The south end of the bridge is in the area known as the South Bank, which includes the Royal Festival Hall, London Waterloo, Queen Elizabeth Hall and the Royal National Theatre, as well as the BFI Southbank, which is directly beneath the bridge.

The north end of the bridge passes above the Victoria Embankment where the road joins the Strand and Aldwych alongside Somerset House. This end housed the southern portal of the Kingsway Tramway Subway until the late 1950s.

The bridge also connects the Strand Campus area and the Waterloo Campus of King's College London which are located in the north and south banks of River Thames, respectively.

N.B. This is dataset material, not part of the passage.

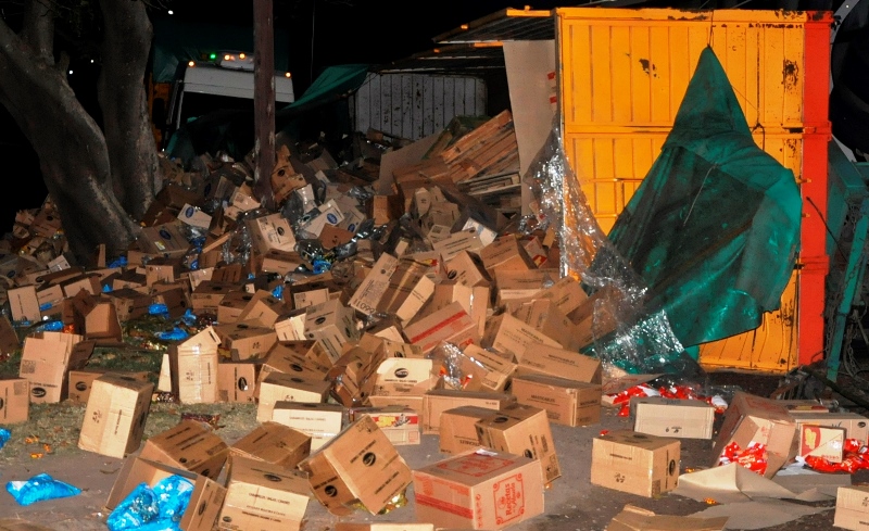 La mercadería quedó dispersada a ambos laterales de la ruta y luego del reconocimiento del seguro, algunos vecinos comenzaron a llevar dulces, golosinas y otras cosas.

The nearest London Underground station is Temple, the nearest National Rail station is London Waterloo.

==In popular culture==

- In Arthur Conan Doyle's short story The Five Orange Pips (first published in The Strand Magazine in November 1891), a character falls into the Thames off Waterloo Bridge, which a newspaper notes "should have the effect of calling the attention of the authorities to the condition of the riverside landing-stages".
- Robert E. Sherwood's play Waterloo Bridge (1930), the story of a soldier who falls in love and marries a woman he meets on the bridge in an air raid during the First World War, was made into films released in 1931, 1940 and 1956. The second of these film versions starred Vivien Leigh and Robert Taylor.
- "After the Lunch", a poem by Wendy Cope about two lovers parting on Waterloo Bridge, now forms the lyric of the song "Waterloo Bridge" by Jools Holland and Louise Marshall.
- The bridge features in the film A Window in London (1940). The hero, played by Michael Redgrave, is a crane driver who is working on the construction of the bridge. Images can be seen of the incomplete rebuilding work in progress.
- The bridge features in scenes at the beginning and end of the film Alfie (1966), starring Michael Caine. In the final scene of the film the title character is seen crossing the bridge followed by a stray dog.
- The song "Waterloo Sunset" by the British band The Kinks tells of living in London and watching life from Waterloo Bridge.
- The comedy short "Waterloo Bridge Handicap" (1978) features a fictional daily race by commuters on the Surbiton - Waterloo train to be the first to walk across to the other side of the bridge.
- A scene in "The Great Game", an episode of the BBC television series Sherlock, takes place beneath the bridge's northern side, where members of Sherlock's network of homeless informants congregate.
- The bridge features in the closing scene of the 1996 film Trainspotting.
- The bridge, when still a toll-bridge, and its toll-keeper feature in Dickens's essay 'Down with the Tide' (1853).
- It is featured in the Mario Kart games Mario Kart Tour and Mario Kart 8 Deluxe as part of the London Loop racecourse.